At the end of 2021, the US had 1,144 gigawatts of utility-scale electricity generation capacity. That includes everything from 130-year-old hydro dams to brand-new wind farms and solar projects with batteries attached. It took over a century to install all of it, and today, companies want to build almost that much capacity, all over again.
In its annual review of utility-scale solar, Lawrence Berkeley National Laboratory analyzed data from seven independent system operators and 35 utilities, which together represent about 85% of the nation’s electricity load, to see what’s awaiting connection. It found more than 1 terawatt of potential new power generation or storage capacity that has requested connection to transmission networks. To put that in perspective, the whole world hit 1 terawatt of installed solar capacity earlier this year.
The Berkeley Lab data tells the story of US solar power — from its growth to its technological sophistication to its growing maturity as a sector.
Firstly, most new power generation planned in the US is renewable. In 2014, the total of all resources in all combined interconnection queues was about 325 gigawatts, of which 14% was solar. Today, it is 1,450 gigawatts (including energy storage projects), 46% of which is solar.
Now an important qualification in the lab’s own words: “Not all of these projects will ultimately be built!” Even a massive expansion of continent-wide transmission would not create enough space for all of these assets to be connected to the grid. Nevertheless, the scale of ambition is important. Every asset in the queue represents dollars invested and time spent.
Secondly, solar project developers are clearly interested in batteries, though that interest varies greatly by region. More than 95% of solar capacity planned for California includes batteries. Storage is prevalent in the far West and in the sunny Southeast; less so in the Mid-Atlantic and Midwest. Still, with the exception of New York state and the Plains states, every major region plans to have batteries integrated with at least 20% of the solar in its interconnection queue.
In other words: In sunny markets where there is already a high penetration of renewable power generation, storage is more or less expected with a new solar project. It is not quite so automatic a decision in the southeast or Texas, but I would wager that it will be.

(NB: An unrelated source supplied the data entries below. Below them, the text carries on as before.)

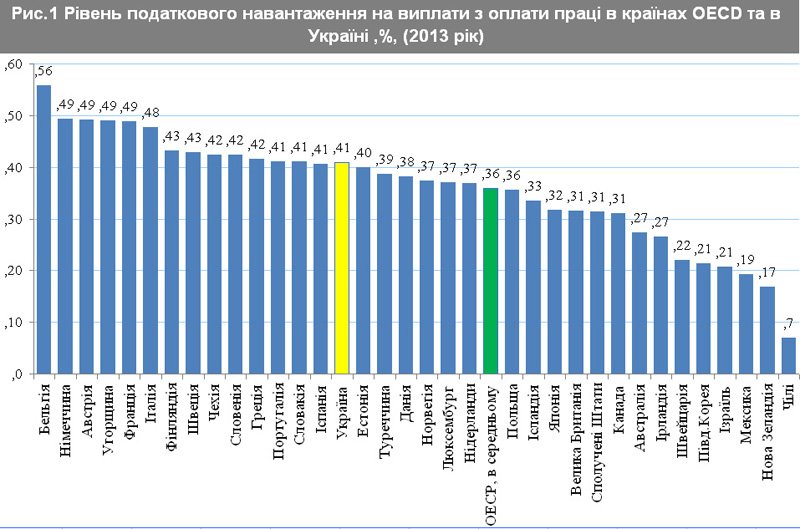По результатам исследований ставки налогообложения затрат на оплату труда установлено, что ставки налогообложения в Украине несколько выше, чем средние показатели развитых стран и не являются самыми высокими, как это традиционно считается. В частности, средневзвешенный уровень налоговой нагрузки, определенный на микроуровне, в Украине в 2013 г. составлял 38,6%, а непрямая ставка налогообложения, определенная на макроуровне, составила 37,3% (отличие среднего уровня налоговой нагрузки в Украине (СНН — 38,6%) и непрямой ставки налогообложения (37,3%) обусловлено тем, что при определении СНН не учитывается налоговая социальная льгота на детей, а также налоговые скидки по налогу на доходы физических лиц, предусмотренные статьей 166 НКУ). Вместе с тем в странах ЕС непрямая ставка налогообложения выплат по оплате труда составляет 36,1%.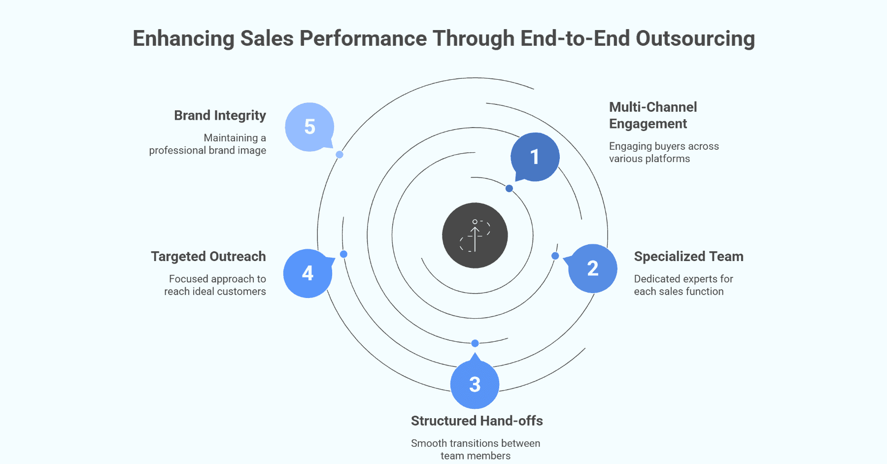 Results in sales development depend on persistence and presence across multiple touchpoints. Limiting outreach to one or two channels narrows your visibility and restricts your potential engagement. An end-to-end model ensures every part of your outbound strategy works together, amplifying results and speeding up your pipeline.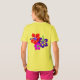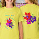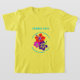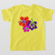 Hibiscus floresce camiseta de reagrupamento familiar trabalho de arte para crianças ou adultos. Um design de hibisco brilhante e ousado, em vermelho, rosa e roxo, é impresso na frente e atrás desta tenda amarela brilhante, de manga curta. O texto azul-aqua pode ser personalizado em três lugares na frente. Inclua o nome da família, a data e o local do evento. O design transferirá para outros estilos, tamanhos e cores, para todos os membros da família.

Underneath the raw capacity numbers, Berkeley Lab also observes some trends that show how the market is maturing and continuing to innovate.
One important trend is the movement of new projects to areas with less intense sun. Global horizontal irradiance (a technical way of measuring how much sun an area receives) peaked for US solar projects in 2013. This is not really a surprise. Project sites with the very best solar resources were snapped up years ago and many have already been developed. And as the market moves from high-irradiance sites such as the desert Southwest and California into the Southeast, Mid-Atlantic, Midwest and Northeast, solar intensity necessarily declines.
Yet at the same time, the amount of solar power generated by US projects has not significantly declined since its peak. The average capacity factor (a measure of how much energy is produced compared with maximum potential annual output) for projects that began operation in 2013 was 25.1%; in 2020, it was 24.8%.
The reasons for this (very good!) plateau are worth noting. The first is that today, nearly every large solar project includes tracking systems that follow the sun across the sky, increasing capacity factor.
The second is that project owners have increased their “inverter loading ratio” — basically, they build more capacity than specified for the hardware that turns the variable direct current of solar panels into the alternating current of the grid. This is a feature, not a bug, as it allows for more output and less variability.
Berkeley Lab’s annual review of solar is a useful stocktake of how far the industry has come in the past decade. Read it carefully, and it is also a glimpse of the future — and not just for solar. The one-word version of that look-ahead? Batteries. It’s not just the amount of battery capacity in interconnection queues that’s important, it is also the where and the why.
In California, 42% of wind capacity in the queue includes batteries — and in Texas, 27% of the gas-fired power does too. The continuing expansion of batteries’ scope is something to watch for in the next report.
Nat Bullard is a senior contributor to BloombergNEF and Bloomberg Green. He is a venture partner at Voyager, an early-stage climate technology investor.